> _Exercise brief_
In the output, include exactly the lines from the beginning of the records up to and including the one that contains "Latch Hook Rug", and leave out the pictures.

++++ The data

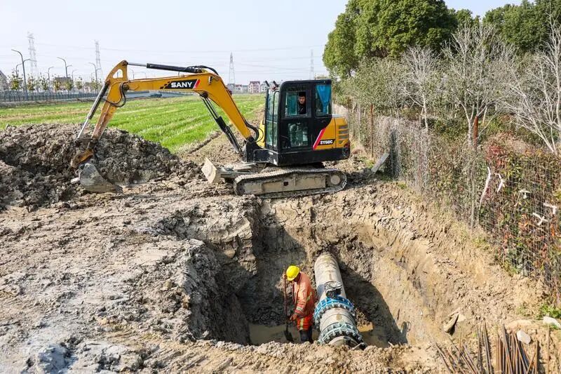春日的枫泾镇五一村,高标准农田建设现场一派热火朝天。挖掘机伸展长臂,在田间穿梭作业,沟渠开挖的轰鸣声此起彼伏。工人们紧随其后,对新挖的沟渠细致平整,分工协作、干劲十足。
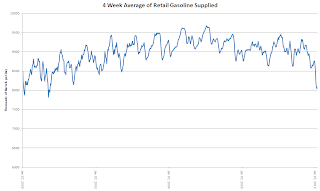 There are a couple of indicators coming from the energy sector which show signs the economy is turning over and not turning around. Usually, when the economy is hitting on all cylinders, more energy is consumed. We use more gasoline and consume more electric power. That doesn't seem to be the case right now as you can see from this graph of data from the Energy Information Administration (EIA) of retail gasoline supplied:
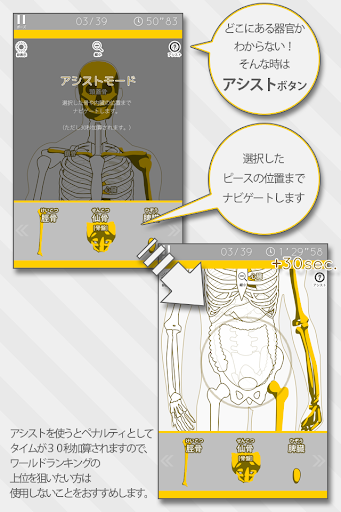 人体の内臓と骨格をジグソーパズル感覚で覚えることができる教育系ゲームです。楽しく軽快に遊べることを重視して作りました。
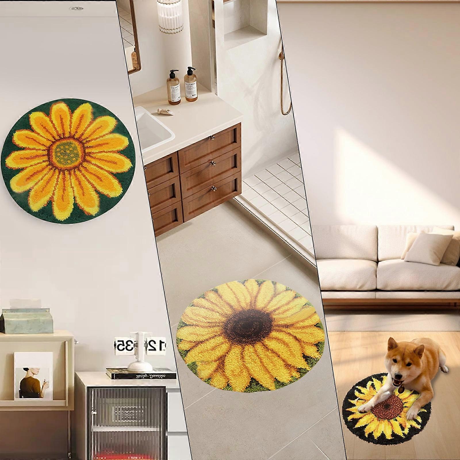 Latch Hook Rug Kit Sunflower Pattern, 50x50cm, DIY Carpet Yarn Kit for Home Decor, Pet Rugs, Easy to Use, compatible with crochet tools
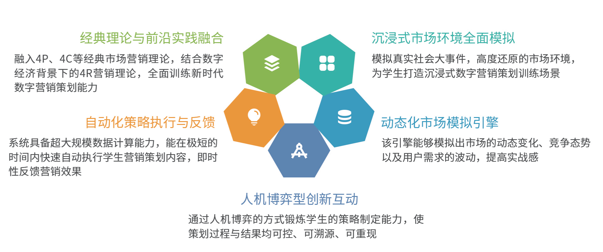 数字营销决策实训对接《数字营销策划》《数字营销决策》等课程,立足企业数字营销策划人才的技能要求,融入4P、4C等经典市场营销理论及数字经济背景下的4R营销理论,还原真实社会大事件以及市场动态数据,建立一个以数字营销决策为核心的综合实训沙盘平台。学生在一个动态化变化的市场环境中,通过人机博弈的方式完成市场分析、目标人群画像分析、数字广告营销策划、产品销售策划、促销活动策划、客户关系管理等方面数字营销策略的制定,系统根据学生的策略情况自动执行营销活动并反馈营销效果数据,通过营销效果数据衡量学生的数字营销策划能力。同时,学生可以根据营销效果数据发现问题、分析问题,并通过营销策略的调整解决问题,最终为企业带来最大的品牌效应与销售收益。
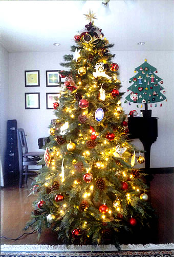 フェアリーフォレストはとても立派なのに高さや幅が大き過ぎず優しい立ち姿です。 松ぼっくりとライトだけでも充分美しく、もう何も付けなくてもいい・・・とさえ感じます。 でも、オーナメントで飾り付けてみると、ぐっと華やかになりツリーもおめかしできて喜んでいるように見えます。 このツリーの下で、大人も子供も、沢山の楽しいクリスマスの思い出ができますように。
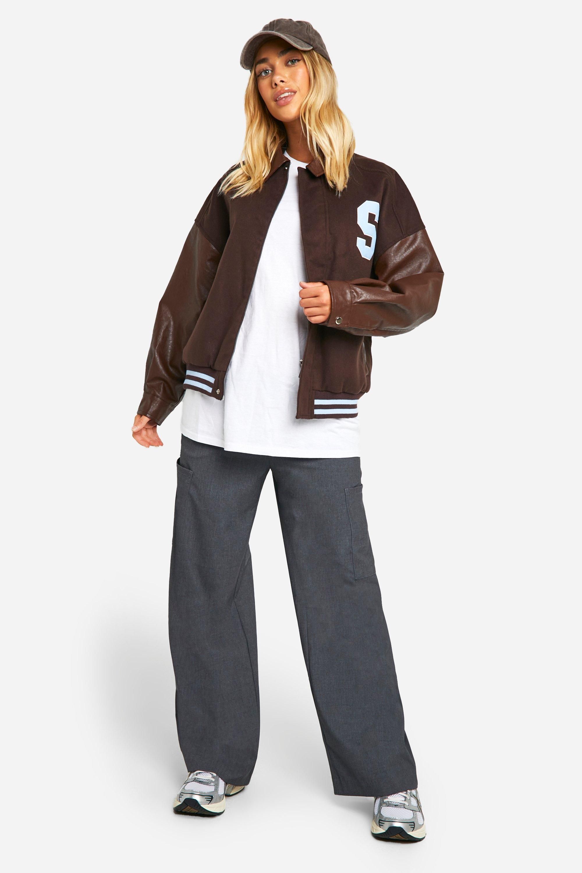 - Versatile zip-up front for adjustable wear Make a bold statement with this eye-catching oversized bomber jacket. The wool-look body paired with faux leather sleeves creates a striking contrast that's sure to turn heads. Perfect for casual outings, this jacket effortlessly combines comfort with street-style edge. Layer it over a simple white tee and wide-leg trousers for an effortlessly cool look, or throw it on over a dress to add a touch of urban chic to your ensemble. The versatile design makes it ideal for various casual occasions, from coffee dates to weekend shopping trips. For a sporty twist, pair it with your favourite trainers and a baseball cap. The oversized fit allows for easy layering, making it a great transitional piece for unpredictable British weather. Whether you're heading to a casual family gathering or meeting friends for a laid-back evening out, this bomber jacket will keep you looking stylish and feeling confident.
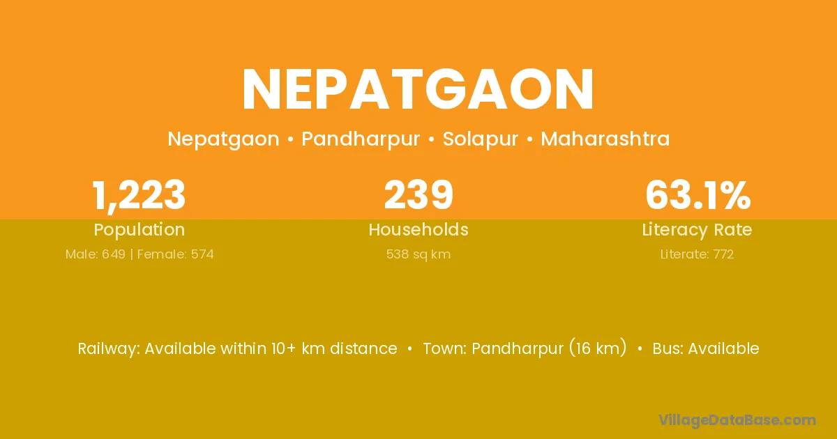 Pandharpur (16 km) is the nearest town to Nepatgaon village for major economic activities and is located approximately 16 km away.

++++++++

> _Answer area_
春日的枫泾镇五一村,高标准农田建设现场一派热火朝天。挖掘机伸展长臂,在田间穿梭作业,沟渠开挖的轰鸣声此起彼伏。工人们紧随其后,对新挖的沟渠细致平整,分工协作、干劲十足。
 There are a couple of indicators coming from the energy sector which show signs the economy is turning over and not turning around. Usually, when the economy is hitting on all cylinders, more energy is consumed. We use more gasoline and consume more electric power. That doesn't seem to be the case right now as you can see from this graph of data from the Energy Information Administration (EIA) of retail gasoline supplied:
 人体の内臓と骨格をジグソーパズル感覚で覚えることができる教育系ゲームです。楽しく軽快に遊べることを重視して作りました。
 Latch Hook Rug Kit Sunflower Pattern, 50x50cm, DIY Carpet Yarn Kit for Home Decor, Pet Rugs, Easy to Use, compatible with crochet tools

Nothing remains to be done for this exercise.